Глупая ворона, слепая али неопытная, влетела в открытое окно мастерской, где сушился холст, да и начала лакомиться нарисованными зернами, не сумев отличить капельки краски от настоящего злака. Клевала, клевала, пока не проклевала насквозь, после чего разочарованно каркнула и улетела на ветку чистить о кору желтый от охры клюв.

А вот несколько сотенных царских облигаций, нарисованных акварелью ради забавы, не ради наживы, кои Арманов имел неосторожность продать с аукциона за их номинальную стоимость – по сотенной за каждую. Красные листы разошлись сразу, и дабы ими же и не заплатить по недогляду, и покупателю и продавцу пришлось выпросить у старика каллиграфа линзу. Так и смотрели в неё – и различали с трудом. Капать водой для определения никто не решился, дабы не портить искусство.

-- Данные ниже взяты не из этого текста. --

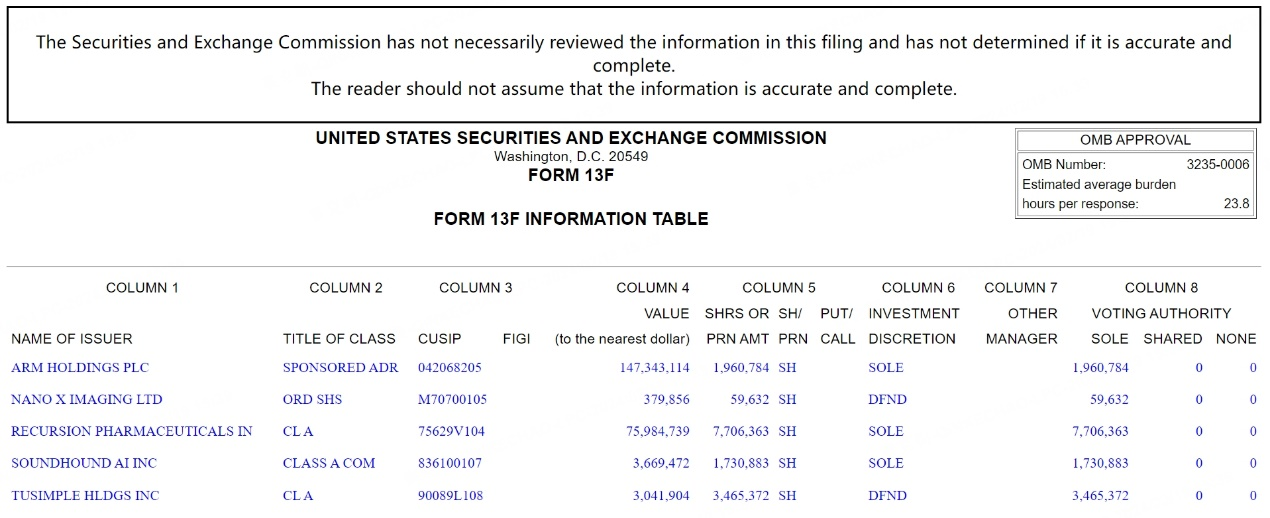 Let's start with Arm, which has the largest holding. As of the cutoff date of the 13F (December 31st), Nvidia's holding value reached $147 million, accounting for 63.95% of its investment portfolio.

Арманову, впрочем, мало это принесло пользы, так как на аукционе присутствовал собственной персоной главный монетчик из Петербурга. После этого стал Арманов замечать, что к денежным знакам, подаваемым его рукою, проявляется в банке особое внимание, да еще и шпик какой-то крутится рядом с подозрительным видом.

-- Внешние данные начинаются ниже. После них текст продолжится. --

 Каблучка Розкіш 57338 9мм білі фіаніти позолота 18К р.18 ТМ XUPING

А вот портрет, что не продавался, а выполнен был для дома – маман, восседающая импозантно в пышной одежде, с мелкой шавкой на поводке. Думал и его продать Арманов во славу семьи, да вцепилась супруга и, всеми бедами угрожая, уговорила оставить дома.

Смотрели долго на него Арманов и домочадцы. Не нашли никакого приукраса, никакой льстивости в картине. Всё вроде как правильно, по всем правилам искусства, да вот выглядела маман на портрете неуловимым образом словно девочка, только вошедшая в пору, – на двадцать лет моложе.

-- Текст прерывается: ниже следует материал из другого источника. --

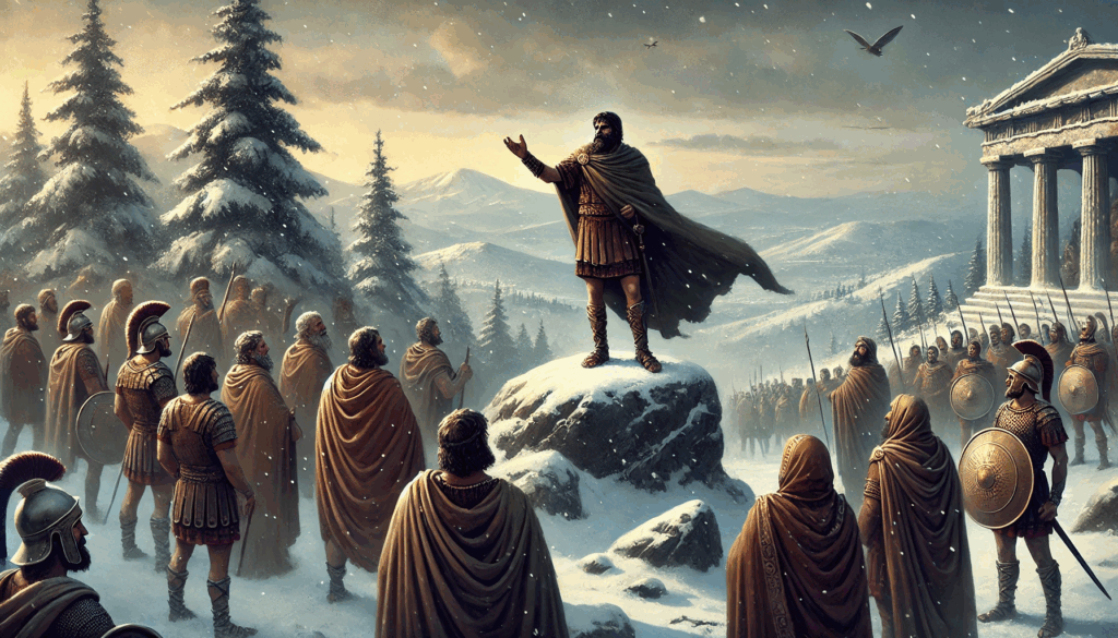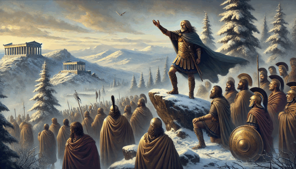 In the frozen highlands above Athens, Thrasybulus rallies exiles and allies with fiery resolve. Snow and stone surround the fortress, but the leader’s voice burns with the promise of democracy’s return.

Повесила портрет в гостиной и показывала гостям как главную достопримечательность дома Армановых.

Вереница портретов самого Арманова не оставила в памяти народной ни одного выдающегося произведения. Все продавались, все были безупречны, но больше пятисот рублей никто за них не дал – всем небось и так опротивела довольная ухмыляющаяся рожа на аукционах.

Али старался Андрюша вполсилы, али покинул его гений крылатый, но к продаже на мильон ни одна из работ не приблизилась.

Было однажды, что поехала армановская фамилия на святой остров Кижи – смотреть на резные церкви да седое северное Онегу-море. Взяли и Андрюшку с собой на погост. Церковь православная о двадцати двух главах столь запала Андрюшке в сердце, что не думая схватил он кисть и холст. Даже обедать не пошёл – кромсал полотно кистью, как ножом, резал как осокой по венам, клал не краску на бумагу – веру свою и золото зари.

Так и получилось – стояла церковь, освещённая на полотне тусклым светом восходящего карельского солнца, вот-вот – и пройдет луч бликом по маковке.

Арманову не хотелось продавать. Но когда сам Ананьев предложил не выставлять её на аукцион, а продать ему за три тысячи, Арманов, губа не дура, выставил свою цену – двадцать.

Ананьев, конечно, хамом его обозвал, но на десяти тысячах хитрецы сторговались.

Еще одна "денежная" картина едва не попала в полканью будку на подстилку. Гуляли Андрюша и Катюша, обоим уже лет по пятнадцати было, по неведомым дорожкам усадьбы армановской. Зимою дело было, тропки заранее по предвиденью утоптаны челядью, а по бокам – снега выше росту человеческого. Шли – за руки держались. Речь невинная как ручеек журчала.

Впереди голубым пятном через паутину голых берёзовых веток просветилось озерко. Андрюша и Катюша подошли – и подивились. Снега много вокруг, а на льду – ни снежинки. Буран сдул, вестимо.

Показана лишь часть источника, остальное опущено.